Let’s see what recent studies indicate. Ana Maria Santacreu and Jesse LaBelle, researchers at the Federal Reserve Bank of St. Louis, show that in the United States much of the rise in producer prices can be attributed to supply chain disruptions, indicated as the first factor of importance in the Twitter survey, when there is a very strong increase in demand. On the other hand, Josh Bivens, research director at the Economic Policy Institute in Washington (IPE), underlines the contribution of the extraordinary profits of companies, which have exploded since the start of the covid-19 crisis, and whose growth is related to market power, the third factor in the aforementioned investigation. He argues that it is possible that companies have increased their profit margins beyond what is necessary to cover cost increases, taking advantage of the current situation of rising prices for intermediate products.

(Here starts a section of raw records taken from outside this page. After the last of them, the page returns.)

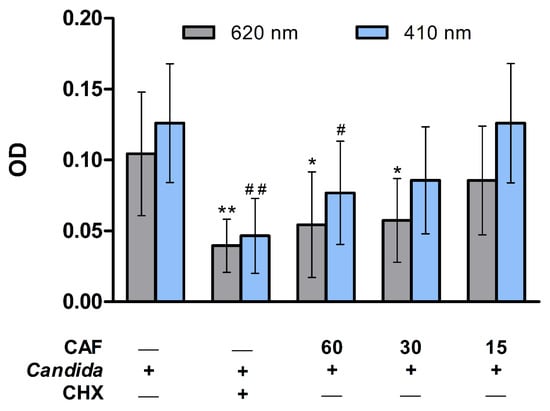 Microdilution test for caffeine (CAF) effects against the growth of C. albicans adherent to the PMMA discs showing the optical density (OD) of different groups measured at 620 nm and 410 nm. Data are expressed as mean ± SD (n = 10) and statistically analyzed using one-way ANOVA followed by Tukey’s post hoc test. The significance was considered when * p ≤ 0.05 and ** p ≤ 0.01 as compared with control at 620 nm or # p ≤ 0.05 and ## p ≤ 0.01 as compared with control at 410 nm.
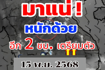 15 พฤศจิกายน 2568 พยากรณ์อากาศ 24 ชั่วโมงข้างหน้า ประเทศไทยยังคงมีฝนฟ้าคะนอง และมีฝนตกหนักบางแห่งในภาคกลาง ภาคตะวันออก และภาคใต้ตอนบน ในขณะที่ภาคตะวันออกเฉียงเหนือจะมีอุณหภูมิลดลง 2-4 องศาเซลเซียส กับมีลมแรง ส่วนภาคเหนือจะมีอุณหภูมิลดลง 1-2 องศาเซลเซียส เนื่องจากบริเวณความกดอากาศสูงหรือมวลอากาศเย็นกำลังปานกลางจากประเทศจีนได้แผ่ลงมาปกคลุมภาคตะวันออกเฉียงเหนือแล้ว คาดว่าจะแผ่ปกประเทศไทยตอนบน และทะเลจีนใต้ในวันนี้ (14 พ.ย. 68) ส่งผลให้มีลมตะวันออกและลมตะวันออกเฉียงใต้พัดนำความชื้นเข้ามาปกคลุมภาคตะวันออก ภาคกลาง…
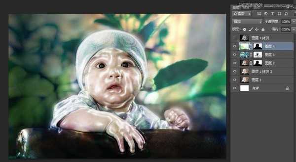 12.打开素材盆栽,叠加,80%透明度,添加蒙版擦除宝宝部分,适当留一些浅浅的绿色反光在宝宝身上
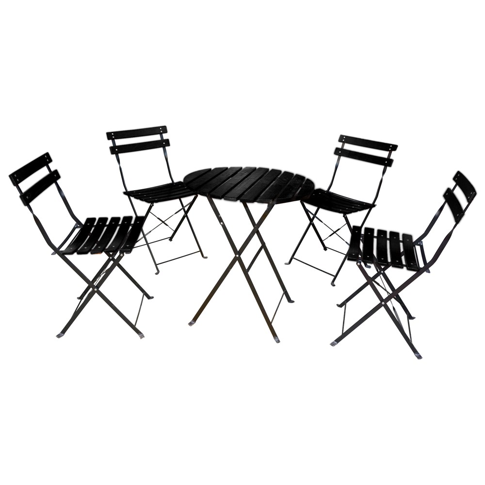 Set 4 Foldable Chair (Without armrest; Metalic Frame Frame) + 1 Foldable Round Table (Metalic Frame Frame), Size: Chair: 42x35x79cm; Table: D.60 x70cm, Color: Black, Material: Wooden+Metalic Frame
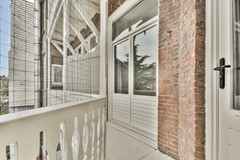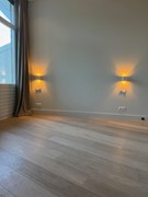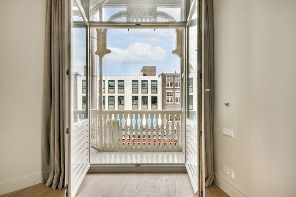 Entrance of the apartment is on the second floor. You enter the very spacious hallway where you find a cloakroom and a stylish glass and steel door leading to the living room of 45M² which has a lot of natural light due to the large windows and high ceilings (3.10 Meter). The apartment has three small balconies at the front due to the corner location. The kitchen is equipped with built-in appliances it even has a Quooker. At the backside of the apartment there are two bedrooms. The master bedroom (12M²) has direct access to the balcony and a storage room. The smaller bedroom (9M²) is perfect for a home office/walk in closet etc and also has direct access to the balcony. The bathroom has a separate bath, walk-in shower and double washbasin with design mirror. In the hallway is a separate toilet and a room with the connection for the washing machine and dryer.
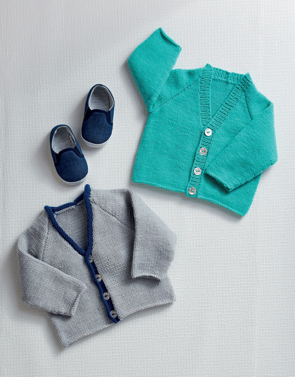 You will also need: Single Point Needles 4mm (USA 6), Single Point Needles 3.25mm (USA 3) for the V-neck and striped cardigan and 4 [4:4:5:5:5] buttons for each cardigan.
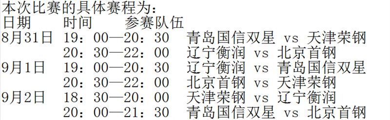 青島新聞網8月20日訊 (記者 劉文超)8月31日至9月2日,2018CBA夏季聯賽暨“雙星錦湖杯”環渤海職業籃球挑戰賽將在青島市國信體育館舉行,參賽球隊包括2017-2018賽季CBA聯賽總冠軍遼寧衡潤隊、曾四年三奪CBA聯賽總冠軍的北京首鋼隊、來自中國籃球發源地的天津榮鋼隊和東道主青島國信雙星隊,四支球隊將進行單循環比賽。
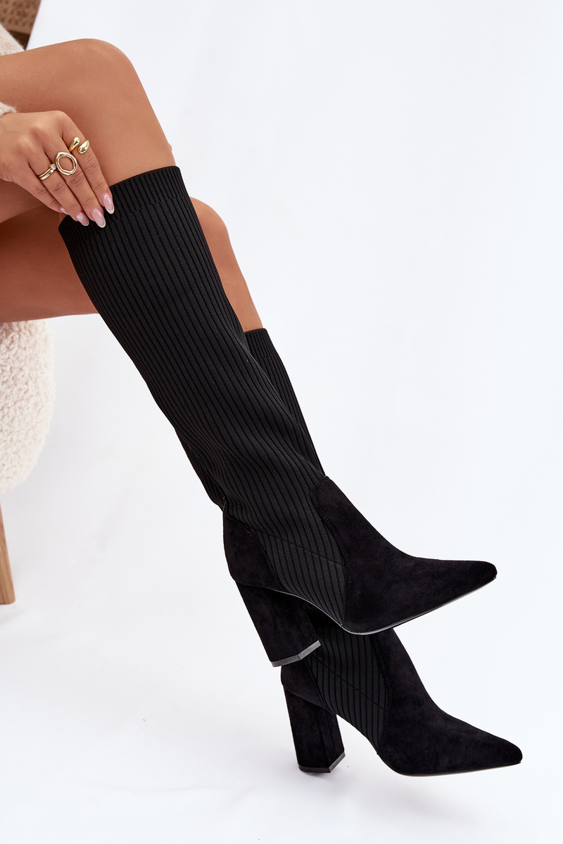 Damskie Kozaki Na Słupkowym Obcasie Czarne Yserine

Josh Bivens indicates in the IPE blog that rising profits contributed about 54% of the total price increase since the start of the pandemic until April 2021, while disruptions in value chains account for 38% and costs labor 6%. In the euro area, however, the story differs in that rising energy prices contributed more than other factors to inflationas Emilio Ontiveros recently pointed out in this newspaper referring to imported inflation.
Data from the latest economic bulletin published by the European Central Bank indicates that year-on-year inflation in May 2022 was 8.1%, with energy prices 39% above their level a year earlier and those of food by 7.5%. He also notes that there are many job vacancies, wage growth has started to pick up, and inflation is expected to remain high through 2022, even excluding food and energy prices from the count. Surprisingly, no reference is made to the bexceptional business benefits as a potential factor that also contributes to price increases. In the European Union (EU) haven’t corporate profit margins increased as much as in the United States? Let’s see. Although corporate and industry data indicate that profit margins fell after the introduction of the euro, globally there is evidence of a long-term upward trend in the sector manufacturing after 2010. The economists De Loecker and Eeckhout, for a sample of 134 countries, 16 from the EU, in a recent academic publication.

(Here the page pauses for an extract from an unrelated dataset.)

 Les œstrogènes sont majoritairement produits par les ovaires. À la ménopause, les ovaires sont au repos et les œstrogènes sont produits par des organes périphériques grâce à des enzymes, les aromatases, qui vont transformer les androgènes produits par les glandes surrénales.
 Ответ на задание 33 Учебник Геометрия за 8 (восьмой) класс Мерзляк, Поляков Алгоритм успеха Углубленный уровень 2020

In short, although the empirical evidence is incomplete and more recent data on corporate profit margins are needed to draw conclusions about what happened after the pandemic, the potential relevance of increased concentration in certain sectors manufacturers should not be ruled out in advance with the consequent increase in market power and price fixing, as a candidate for contributing to inflation. For this reason, advocating for a windfall tax, as already applied in Italy and announced in Spain for electricity companies, and recommended by the European Commission and the International Monetary Fund for Energy, could also be considered for other sectors. Rapid increases in interest rates may not be enough to stem inflationary pressures in the medium term, if not accompanied by other measures.